** Provided material follows **

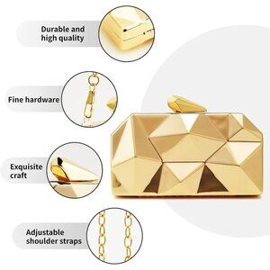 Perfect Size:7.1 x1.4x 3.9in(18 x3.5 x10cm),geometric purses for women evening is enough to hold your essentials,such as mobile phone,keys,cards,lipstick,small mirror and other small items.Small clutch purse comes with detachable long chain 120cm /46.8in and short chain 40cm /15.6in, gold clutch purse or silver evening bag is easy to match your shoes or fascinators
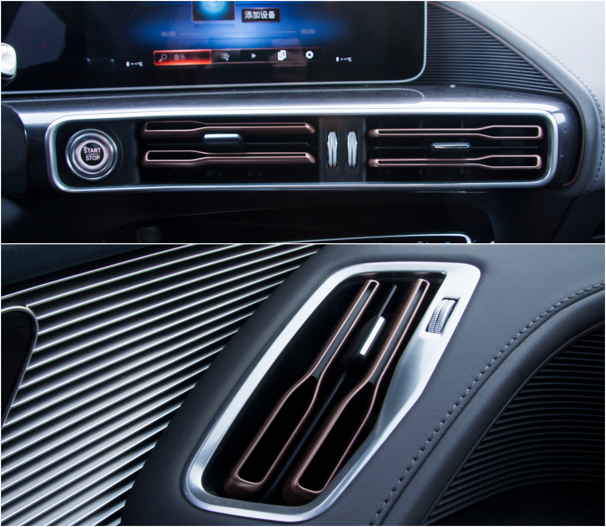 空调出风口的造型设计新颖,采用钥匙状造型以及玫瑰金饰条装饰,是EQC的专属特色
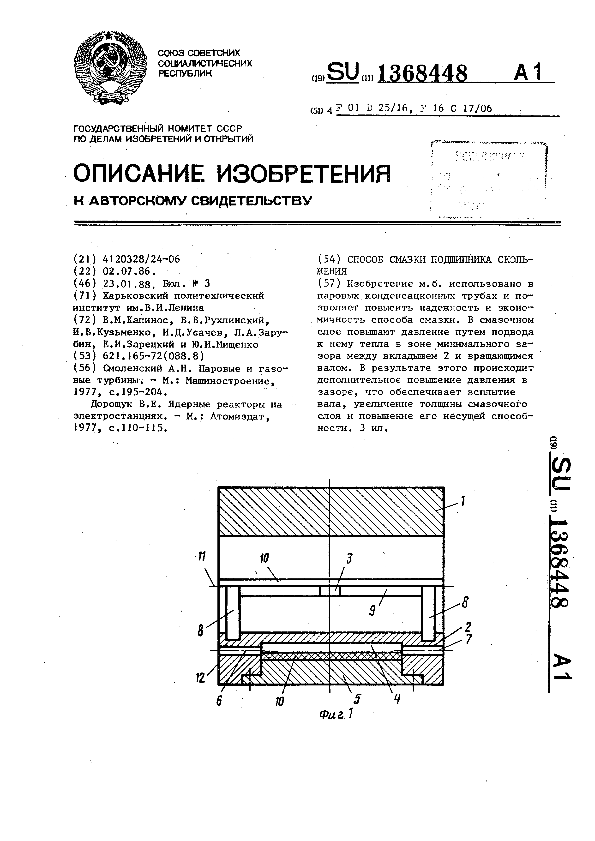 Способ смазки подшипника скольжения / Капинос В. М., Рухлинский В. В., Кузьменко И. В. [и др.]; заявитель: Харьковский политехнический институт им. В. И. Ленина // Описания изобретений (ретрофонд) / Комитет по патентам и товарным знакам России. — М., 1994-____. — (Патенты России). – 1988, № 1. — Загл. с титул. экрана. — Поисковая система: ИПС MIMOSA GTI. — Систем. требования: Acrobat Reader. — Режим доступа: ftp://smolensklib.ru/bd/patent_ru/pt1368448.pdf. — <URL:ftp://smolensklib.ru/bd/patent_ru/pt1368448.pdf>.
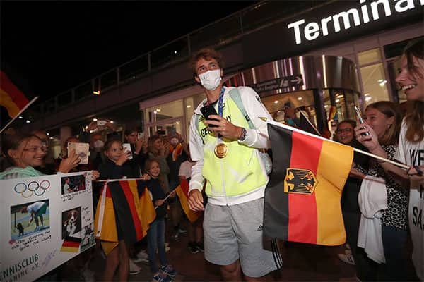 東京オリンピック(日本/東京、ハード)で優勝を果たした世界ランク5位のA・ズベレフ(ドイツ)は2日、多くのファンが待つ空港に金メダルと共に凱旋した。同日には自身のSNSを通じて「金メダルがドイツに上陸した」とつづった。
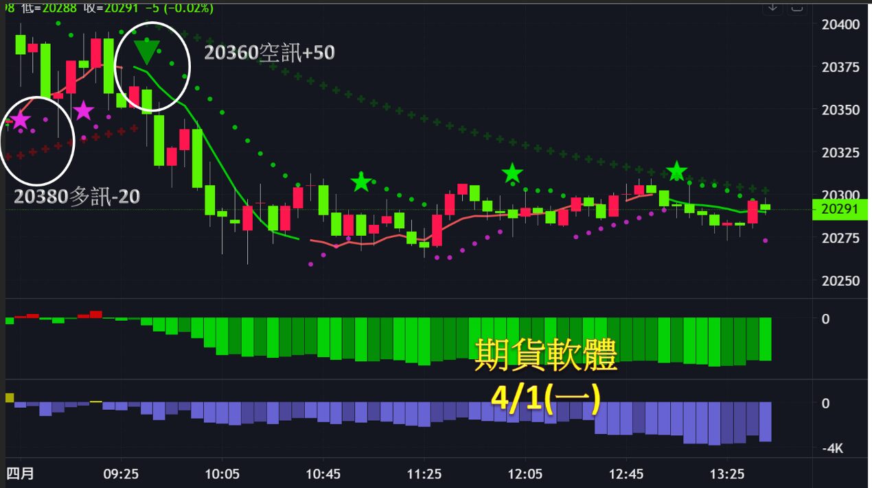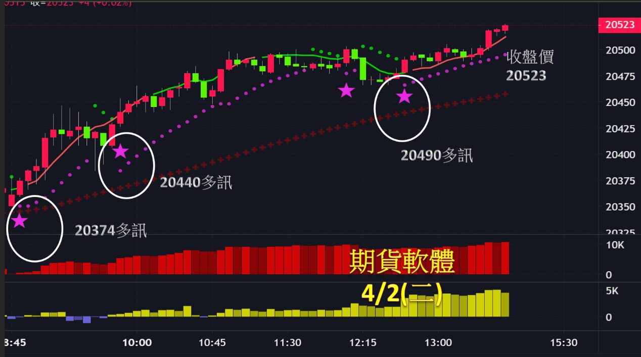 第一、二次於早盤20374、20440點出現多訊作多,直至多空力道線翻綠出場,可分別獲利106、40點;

** End of Provided material **

▶ _Problem details_:
Whatever lies between the first line of the data and the line holding "空调出风口的造型设计新颖,采用钥匙状造型以及玫瑰金饰条装饰,是EQC的专属特色", inclusive, should be repeated exactly, apart from the pictures.

▶ _Task response_:
 Perfect Size:7.1 x1.4x 3.9in(18 x3.5 x10cm),geometric purses for women evening is enough to hold your essentials,such as mobile phone,keys,cards,lipstick,small mirror and other small items.Small clutch purse comes with detachable long chain 120cm /46.8in and short chain 40cm /15.6in, gold clutch purse or silver evening bag is easy to match your shoes or fascinators
 空调出风口的造型设计新颖,采用钥匙状造型以及玫瑰金饰条装饰,是EQC的专属特色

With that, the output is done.